Without the pictures, extract every line from the start of the material to the line containing "THÔNG SỐ KỸ", both ends included.

> [PROVIDED DATA]
Content starts
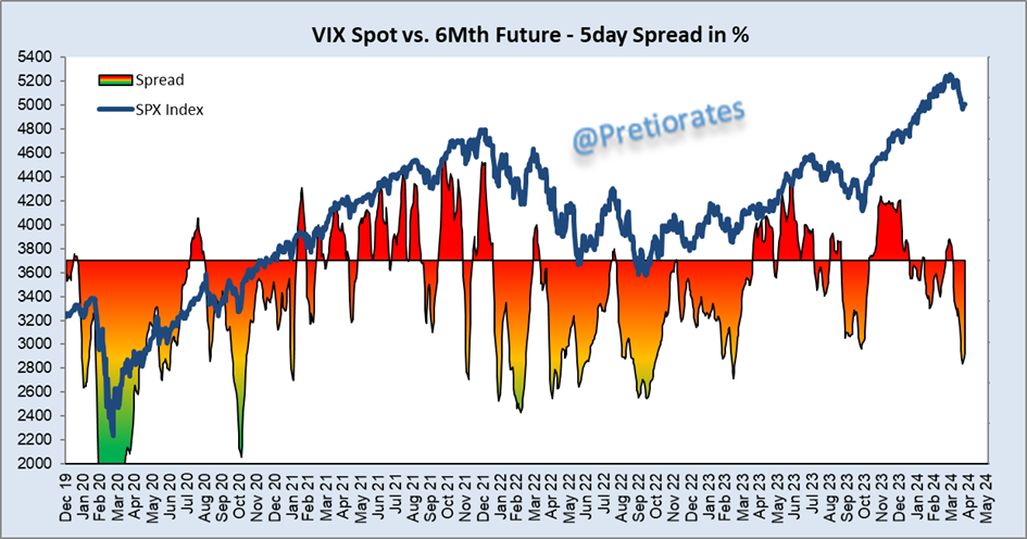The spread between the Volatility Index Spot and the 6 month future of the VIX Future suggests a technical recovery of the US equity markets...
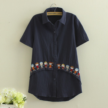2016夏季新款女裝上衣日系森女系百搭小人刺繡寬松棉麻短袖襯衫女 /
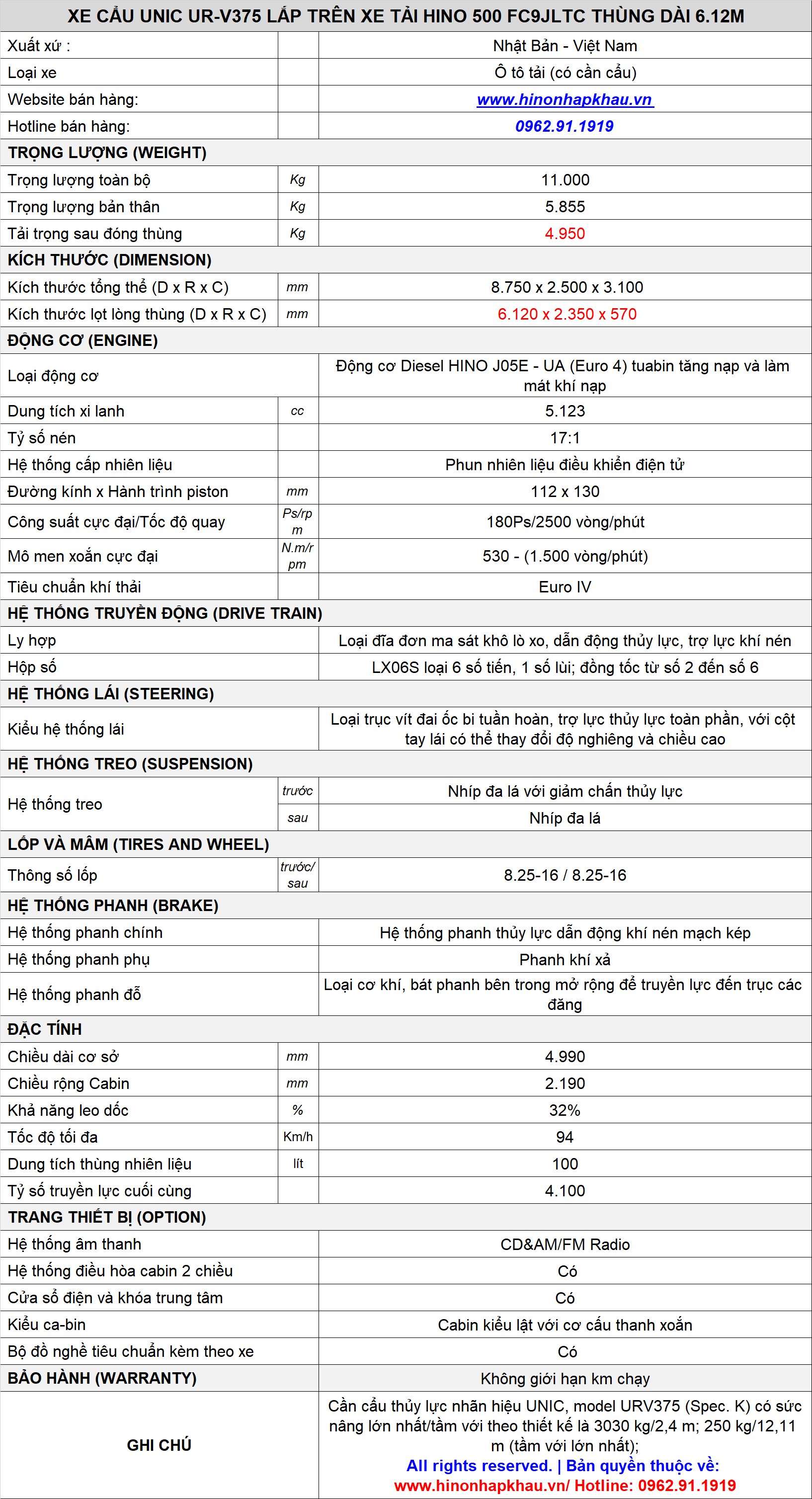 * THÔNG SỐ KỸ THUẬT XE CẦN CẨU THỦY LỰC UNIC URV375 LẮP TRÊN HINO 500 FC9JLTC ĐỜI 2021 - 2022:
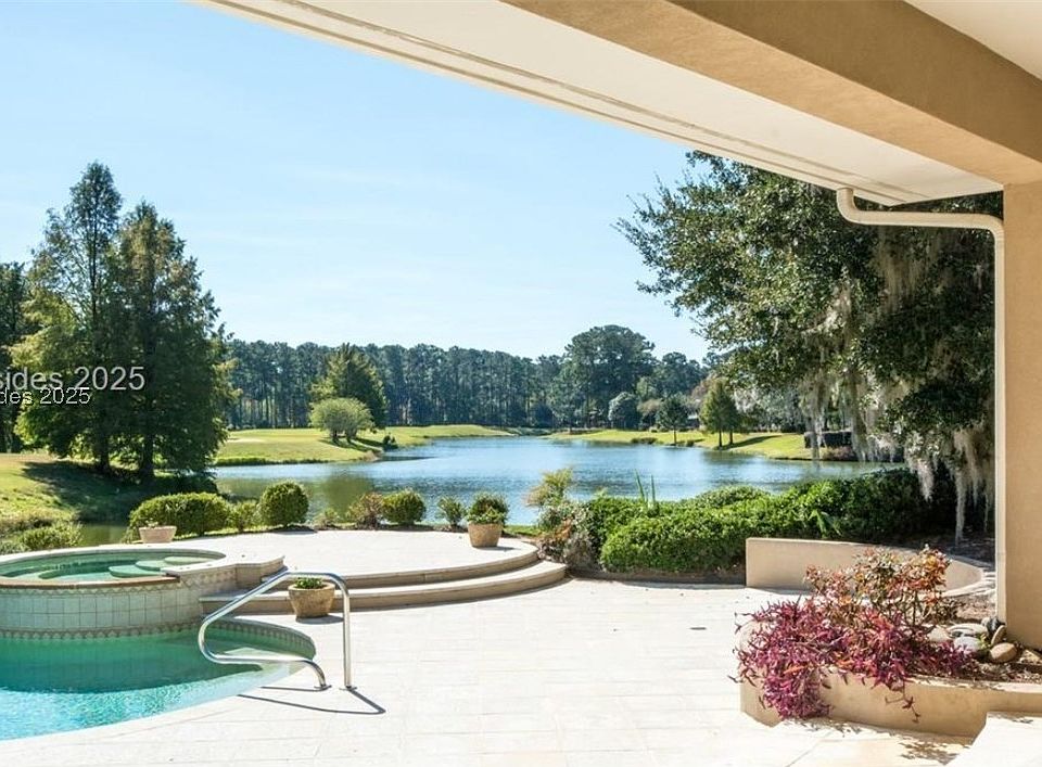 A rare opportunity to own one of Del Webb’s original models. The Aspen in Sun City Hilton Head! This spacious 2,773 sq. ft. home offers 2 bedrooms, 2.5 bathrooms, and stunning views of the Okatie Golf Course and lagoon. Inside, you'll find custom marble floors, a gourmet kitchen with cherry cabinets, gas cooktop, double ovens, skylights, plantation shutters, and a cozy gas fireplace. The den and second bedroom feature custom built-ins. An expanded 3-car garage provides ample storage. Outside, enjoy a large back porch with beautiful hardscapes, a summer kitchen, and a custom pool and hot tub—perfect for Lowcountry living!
Content ends
> [WORKED SOLUTION]
The spread between the Volatility Index Spot and the 6 month future of the VIX Future suggests a technical recovery of the US equity markets...
2016夏季新款女裝上衣日系森女系百搭小人刺繡寬松棉麻短袖襯衫女 /
 * THÔNG SỐ KỸ THUẬT XE CẦN CẨU THỦY LỰC UNIC URV375 LẮP TRÊN HINO 500 FC9JLTC ĐỜI 2021 - 2022:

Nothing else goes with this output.